▶ [Exercise prompt] Exclude the pictures, then restate exactly each line of the data below from the first through the line containing "The Mrudangi Maahi".
(Records shown begins)
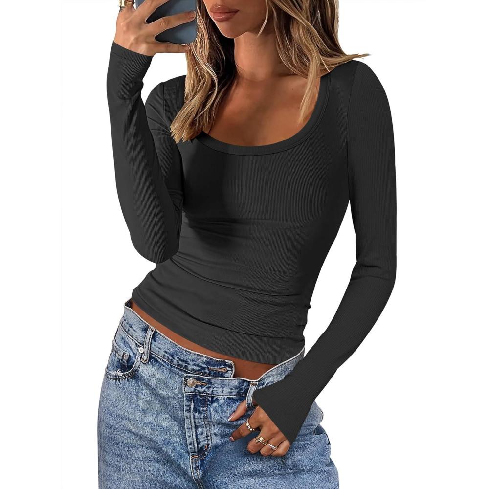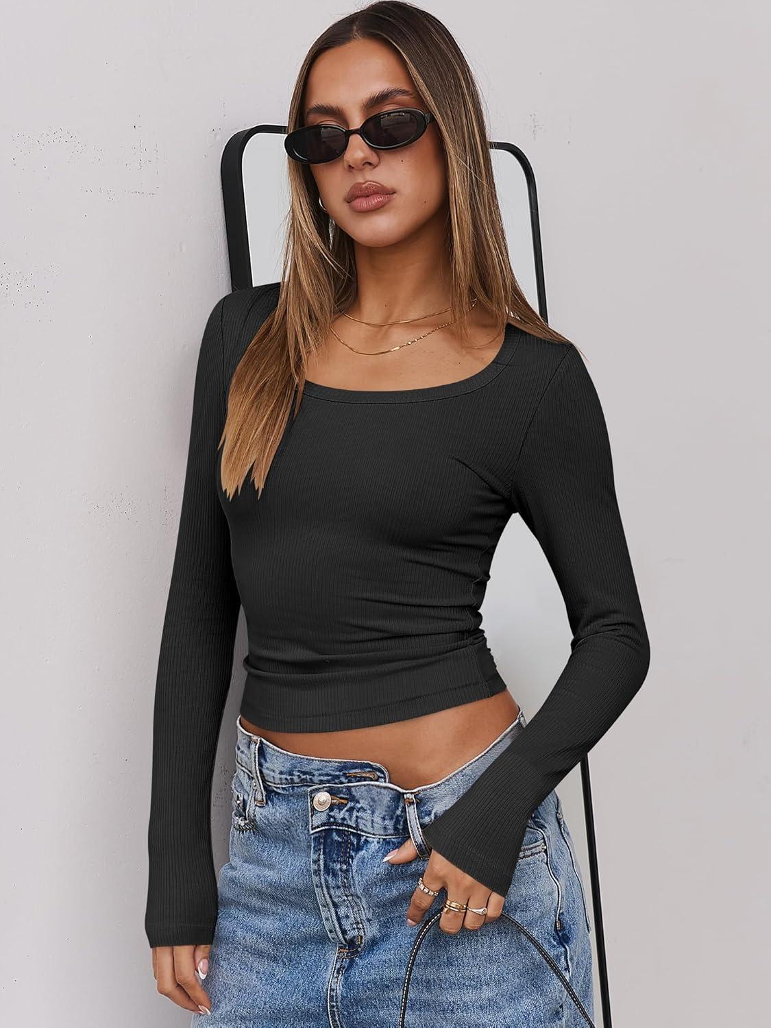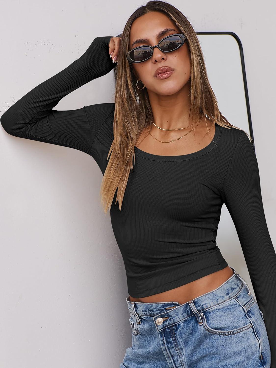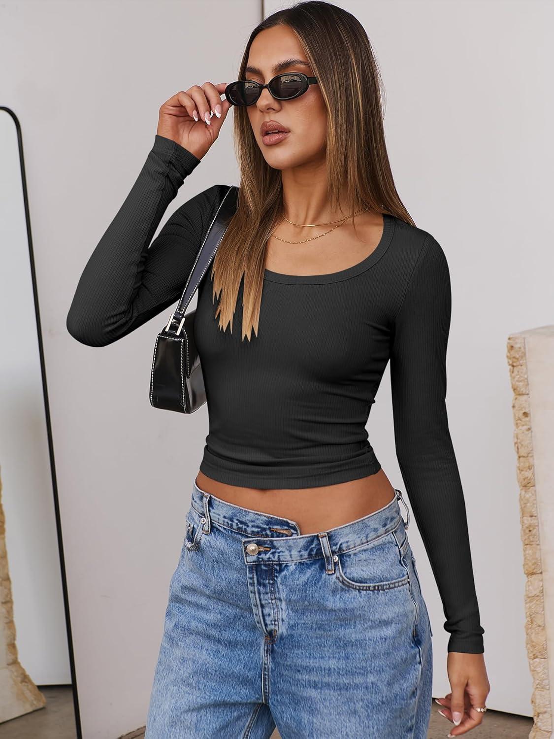 ANRABESS Women Long Sleeve Crop Tops Scoop Neck Ribbed Knit Tight Slim Fit 2025 Fall Going Out Sexy T-Shirts Basic Tee Shirts(Black)
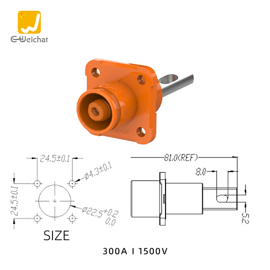 惟兴光孔式橙色E300正极IP67防水300A不可旋转储能连接器
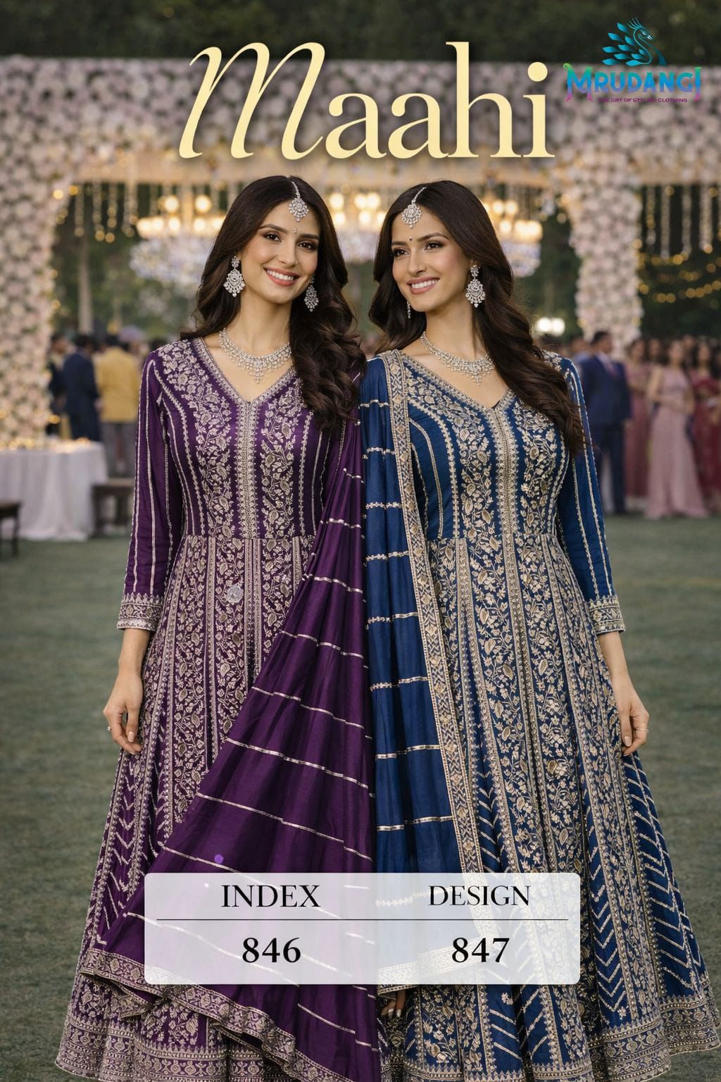 The Mrudangi Maahi Chinon Designer Gown With Dupatta Collection perfectly balances luxury design with wearable comfort, making it a must-have for boutiques, wholesalers, and online sellers.
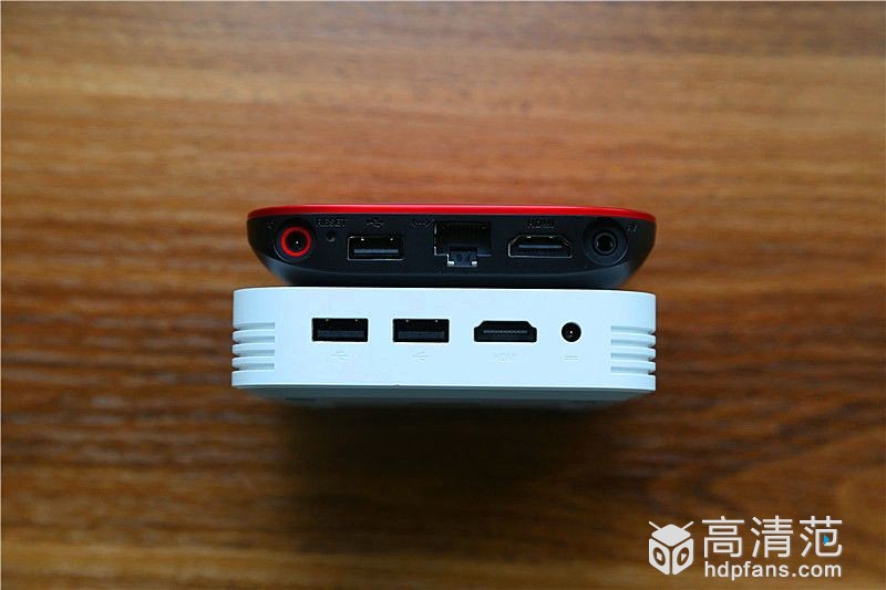 接口上,小米盒子3增强版有2个USB2.0接口,延续一贯的没有网口设计。天猫魔盒3Pro则只有一个USB2.0,但同时拥有网口、系统重置按钮与AV输出接口。这个AV输出接口同时支持3.5mm接口,支持外5.1、7.1声道,外接音箱没有问题。
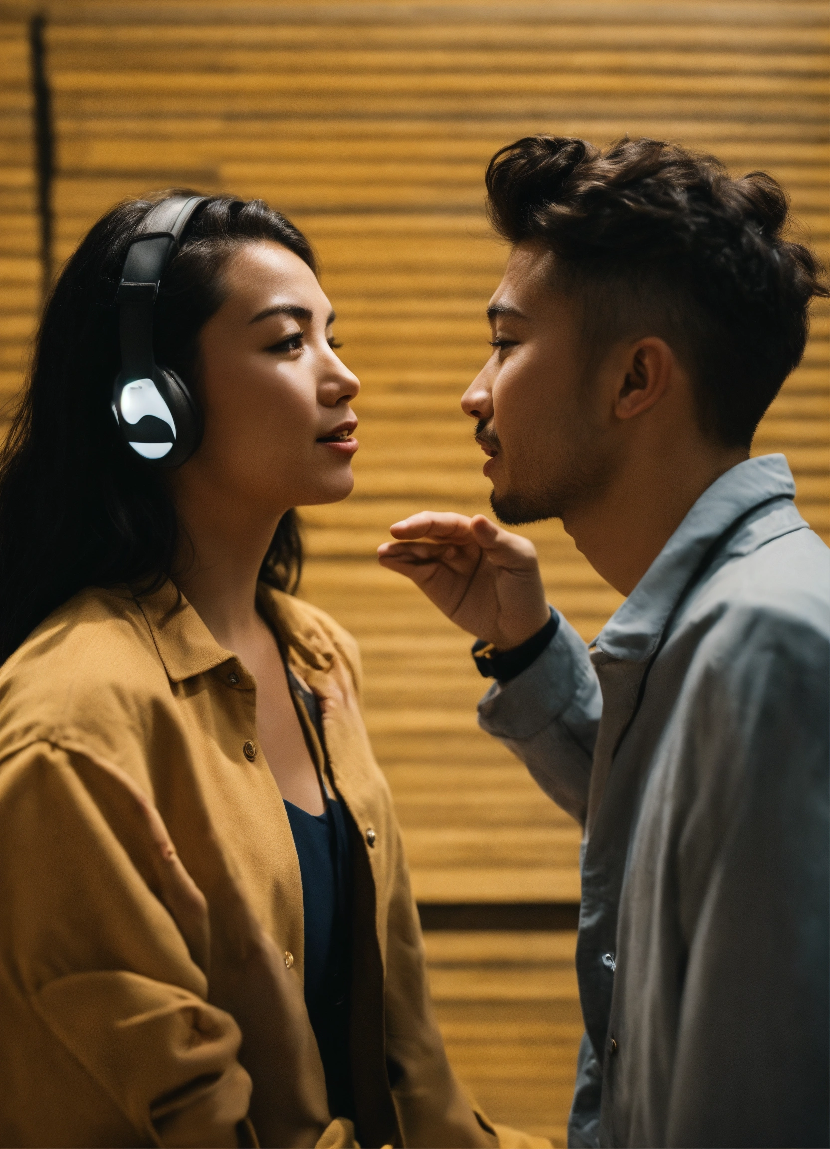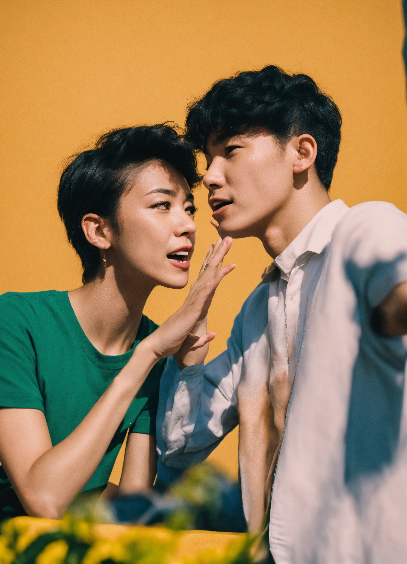 Two people using hand gestures and facial expressions to communicate without words
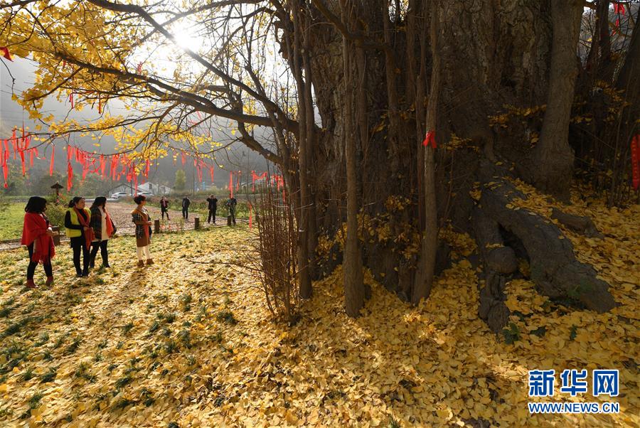 11月19日,游客在留壩縣玉皇廟鎮(zhèn)參觀千年銀杏樹。初冬時(shí)節(jié),在秦嶺深處的陜西省留壩縣玉皇廟鎮(zhèn)石窯壩村,一棵千年古銀杏樹的落葉宛如金色地毯,甚為壯觀。據(jù)當(dāng)?shù)亓謽I(yè)部門介紹,該樹胸徑為4.45米,現(xiàn)有高度29米。新華社記者 陶明 攝
(Records shown ends)
▶ [Exercise response]
 ANRABESS Women Long Sleeve Crop Tops Scoop Neck Ribbed Knit Tight Slim Fit 2025 Fall Going Out Sexy T-Shirts Basic Tee Shirts(Black)
 惟兴光孔式橙色E300正极IP67防水300A不可旋转储能连接器
 The Mrudangi Maahi Chinon Designer Gown With Dupatta Collection perfectly balances luxury design with wearable comfort, making it a must-have for boutiques, wholesalers, and online sellers.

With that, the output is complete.